Ne kadar karizmatik, psikopat veya işlerinde iyi (profesyonel) olsalar da onların da bir geçmişi ve hayatı vardır. Başka bir deyişle ‘katiller de sever.’ Hikayelerin dramatik boyutlarını arttırmak için filmler bir insanın niçin ve nasıl kiralık katil olduğu üzerinde de durabilirler. Kimi kader kurbanıdır, kötü bir ailede yetişmiş ve istemeden bu yola düşmüştür. Kimi eski asker, istihbaratçı veya polistir ve tek bildiği şeyi kamu hizmetini bıraktıktan sonra özel sektörde kendi için yapmaya devam eder. Mafyaya karşı açılan bir davadaki tanıkları ve davayı yürüten savcılık görevlisini öldürmesi için tutulan kiralık katilin ve tesadüfen bindiği taksinin şoförünün gece boyunca süren serüvenini anlatan Michael Mann’ın başyapıtları arasında yer alan Collateral (2004) örneğin böyle bir karaktere sahiptir. Kiralık katil Vincent (Tom Cruise) kendisine bu işi ne kadar zamandır yaptığını soran taksici Max’a (Jamie Foxx) şöyle cevap verir: “Kamu hizmetindeyken mi özel sektörde mi?”

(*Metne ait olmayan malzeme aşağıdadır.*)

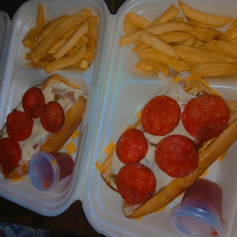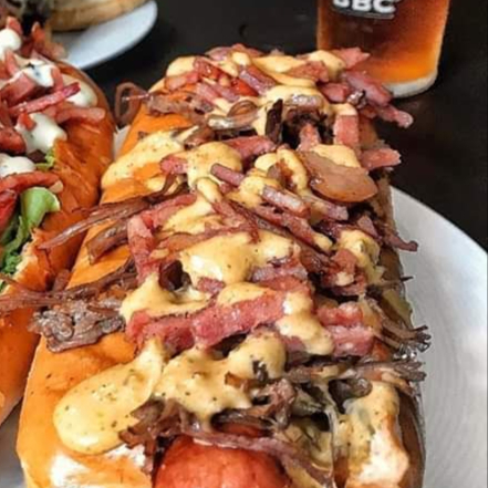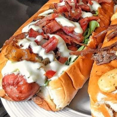 Salchicha, verduras, aderezos, peperoni,tocino frito y mozarella (encima)
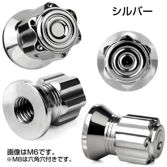 マフラーを取り付けるナットと交換したり、ボルトのネジ山を隠してドレスアップしたい場所など、サイズが合えば様々な箇所にご使用頂けます。
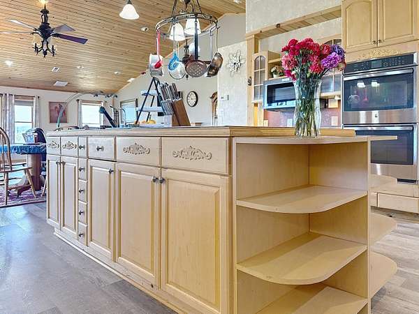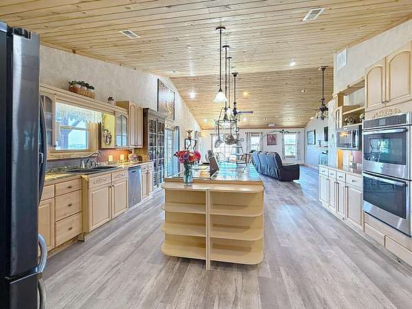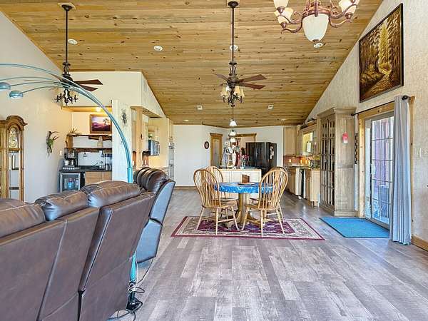 Welcome to multigenerational Living at its BEST! This home 6 bedroom/6bath home gives the option of single family living as well, but with the rising numbers for this type of living, this is a great opportunity for you and your family!! This large home with detached garage (including an apartment) and a huge shop (40x60) with a greenhouse is sprawled out on over 2 1/2 acres and offers fantastic views in all directions! The home includes newer flooring throughout, updated exterior paint, tile in walk in shower, new HVAC System including heat pump and new ducting. The patio doors are newer, they add to the feel of the already open and airy space! There is a spacious in-law suite that includes 2 bedrooms (1 in the upper bonus space with access to the exterior private deck) a huge bath with a double vanity and laundry included and a newer full kitchen. This can be accessed from a separate entrance. This could easily be changed and added back to open up to a single family home by removing the added wall. The open main living area has a large chefs kitchen which includes a huge island and a separate coffee bar. The vaulted tongue and groove ceilings that are blue pine and rare beetle kill pine are just a few of the very unique and custom touches add to the quality of this home! There is a huge primary suite with an amazing bathroom with toilet and vanity areas that are separated by a connecting walk in tile shower and tub area. The detached 2+ garage has living space above that includes 2 bedrooms, a 3/4 bath, and a large great room with a full kitchen. Great additional living area for family as well! The brand new shop has large wide and tall doors for your RV storage, trucks or heavy equipment, there is also a separate transformer box that is just for the shop so you do not overuse the home electricity. Start your produce early for your garden area in your 200 sq ft greenhouse! This property truly seems to cater to diverse living arrangements and offers ample space for hobbies or business ventures! Call for your personal tour of this AMAZING property! The updating lighting and improvements are all going on still!
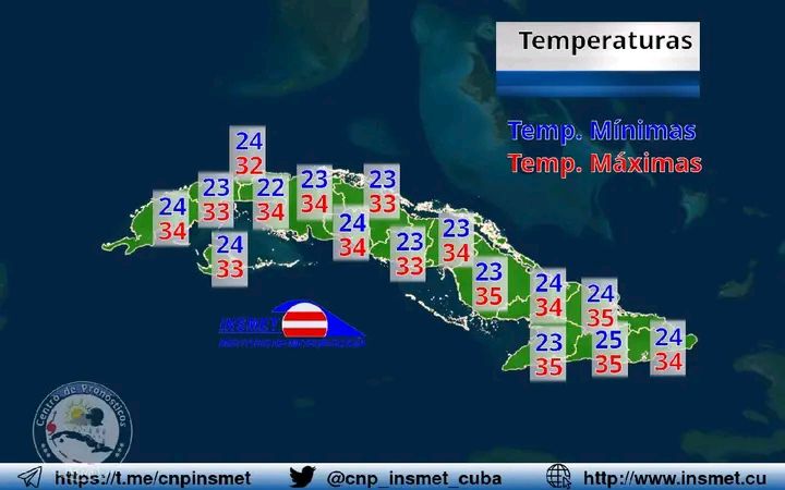 •Las temperaturas máximas estarán entre 32 y 35 grados Celsius, superiores en zonas del interior. En la noche, las temperaturas alcanzarán valores entre 25 y 28 grados Celsius.

Kiralık katiller kendi başına, bağımsız olarak çalışan; bir tür girişimci veya esnaf-serbest meslek sahibi olarak kabul edilebilirler. Serbest meslek makbuzu veya bir tanıdık şirket üzerinden fatura kestirmedikleri kesindir elbette! Fransız Yeni-Dalga’sının manevi kurucusu sayılan ve kara-film türünü yenileyen başyapıtların bazılarına imza atmış olan Jean-Pierre Melville’in efsanevi Le Samurai (1967) tam anlamıyla bu tarz bir kiralık katilin hikayesidir. Kendisini bir gece kulübünün sahibini öldürmesi için tutan ama sonrasında ona ödeme yapmak yerine onu öldürmeye kalkan işvereni bulup intikam almak isteyen kiralık katil Jef Castello (Alain Delon) sinema tarihinin en sofistike ve karizmatik kiralık katil karakterlerinden biridir. 1972 tarihli Ömer Lütfi Akad’ın yönettiği ve başrolünde Cüneyt Arkın’ın oyunculuk tarihinin belki de en müthiş performansını sergilediği Yaralı Kurt da benzer bir hikayeyi anlatır. Selim İleri’nin Graham Green’in A Gun for Sale romanından esinlenerek oluşturduğu senaryo kiralık katil Ali’nin Tefeci Hilmi’yi öldürdükten sonra aldığı dolarların sahte çıkması üzerine onu tutanların peşine düşmesinin hikayesidir. Dönemin Yeşilçam kurallarına uygun olarak arada melodrama göz kırpsa da seyredilmeye değer bir yapıt olarak Türk Sineması’ndaki yerini almıştır. Luc Besson’un yönettiği Leon’da Jean Reno’nun canlandırdığı Leon tam anlamıyla böyle bir kiralık katil değildir mesela. Ona iş bağlayan bir tür komisyoncu/menajer ile çalışır; dolayısıyla tam bağımsız sayılmaz.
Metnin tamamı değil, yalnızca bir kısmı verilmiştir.